Эту ночь они проведут в столице Египта, а завтра рано утром их ожидает путешествие в Долину царей. Там, на западном берегу Нила ее ждала усыпальница Сети I.
Гамаль Нагиб был уполномоченным министерства культуры Египта в Фивах и на прилегающих к городу территориях. Под его юрисдикцией находились Луксор, Карнак, все памятники древности на западном берегу и долины со всеми их гробницами. Он познакомился с Николь, когда та писала свою диссертацию, а он был директором археологических ресурсов. Тогда они и подружились. На фото, стоявшем на столе в ее кабинете в Лувре, она была снята на раскопках именно с Нагибом.

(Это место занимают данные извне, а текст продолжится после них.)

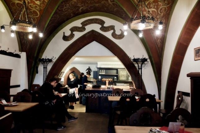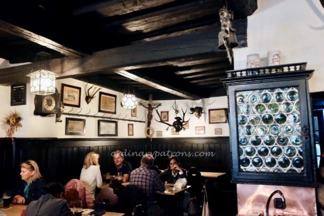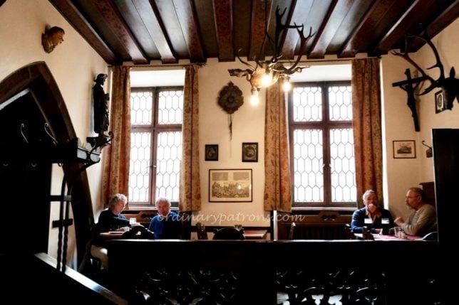 The Schlenkeria tavern looked very much like what we would expect a historic German tradition to be. The atmosphere was serious with lots of dark, heavy wood. The walls are lined with paintings and hunting trophies.

— Как я рад снова вас видеть, мадемуазель Паскаль! — воскликнул он, когда Николь вошла в его кабинет.
При этом он церемонно, на арабский манер, сложил перед собой руки, хотя озорной блеск его глаз напрочь отрицал столь официальное приветствие.
— Доктор Паскаль, месье Нагиб, — улыбнулась Николь, накрыв ладонями руки Нагиба и целуя его в щеку.
— Доктор Нагиб, доктор Паскаль, — расхохотался ее собеседник.
— Мне кажется, будет удобнее, если мы станем, как и раньше, называть друг друга Гамаль и Николь. Что скажете?
— Ну, конечно, Николь. Как добрались? И присаживайтесь, пожалуйста. Вы многое должны мне рассказать.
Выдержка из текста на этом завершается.